Dark-Antidark Spinor Solitons in Spin-1 Bose Gases

TL;DR

This paper numerically investigates the existence, stability, and dynamics of novel spinor solitons in a one-dimensional spin-1 Bose gas, revealing their stability properties and potential instability behaviors.

Contribution

It introduces and analyzes new families of spinor solitons in spin-1 Bose gases, focusing on their stability and dynamical evolution within experimentally relevant parameters.

Findings

ADDAD solitons are more dynamically robust than DADDs.

DADDs are generally unstable within the studied parameter range.
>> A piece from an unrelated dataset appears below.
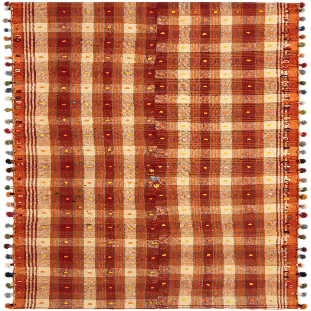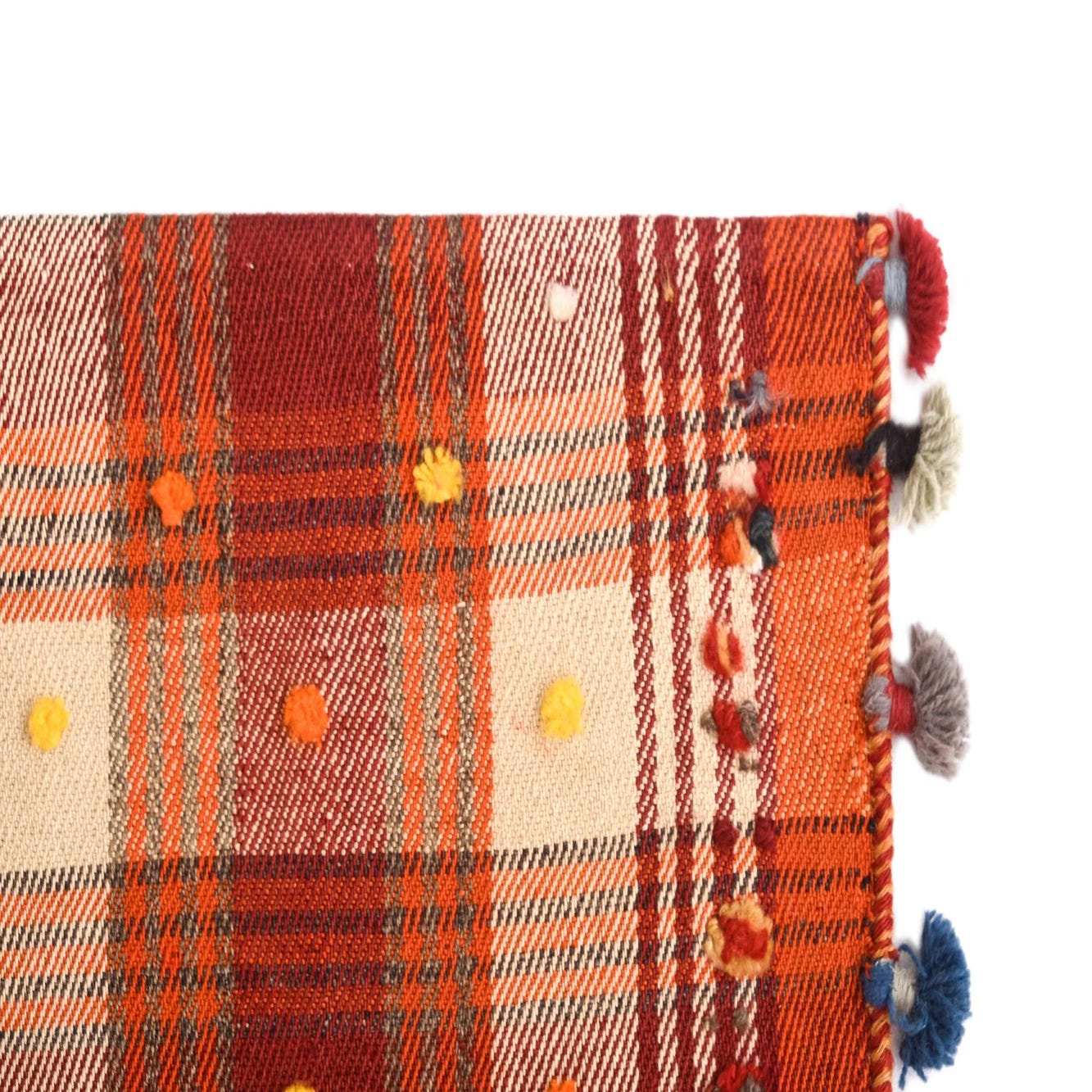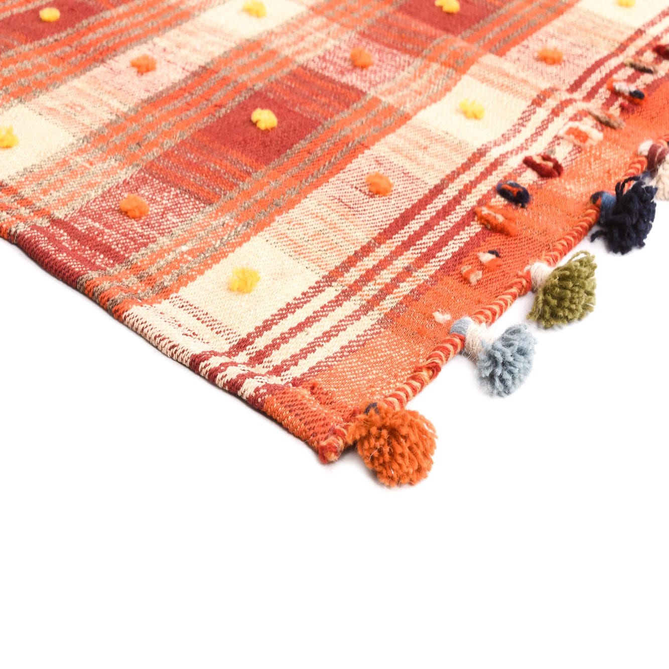 A handmade Jajim 8 ft runner rug featuring a plaid pattern in various shades of red, orange, and cream, accented with colorful pom-pom tassels along the edges.
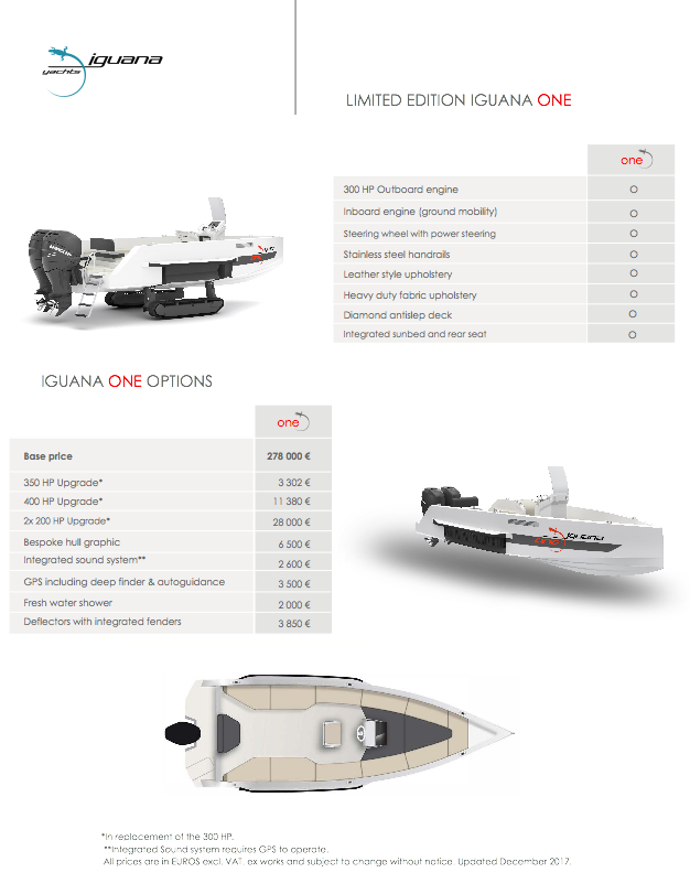 There are a number of additional options available so you can build your individual Iguana One to fit your lifestyle like the supercharged 400hp or the twin 200hp, Bespoke hull graphic, GPS including deep finder & autoguidance, Integrated sound system, Fresh water shower… we’ve got it covered.

Splitting of DADD into moving pairs with component separation observed.

Abstract

We consider a one-dimensional trapped spin-1 Bose gas and numerically explore families of its solitonic solutions, namely antidark-dark-antidark (ADDAD), as well as dark-antidark-dark (DADD) solitary waves. Their existence and stability properties are systematically investigated within the experimentally accessible easy-plane ferromagnetic phase by means of a continuation over the atom number as well as the quadratic Zeeman energy. It is found that ADDADs are substantially more dynamically robust than DADDs. The latter are typically unstable within the examined parameter range. The dynamical evolution of both of these states is explored and the implication of their potential unstable evolution is studied. Some of the relevant observed possibilities involve, e.g., symmetry-breaking instability manifestations for the ADDAD, as well as splitting of the DADD into a right- and a left-moving dark-antidark pair with the anti-darks residing in a different component as compared to prior to the splitting. In the latter case, the structures are seen to disperse upon long-time propagation.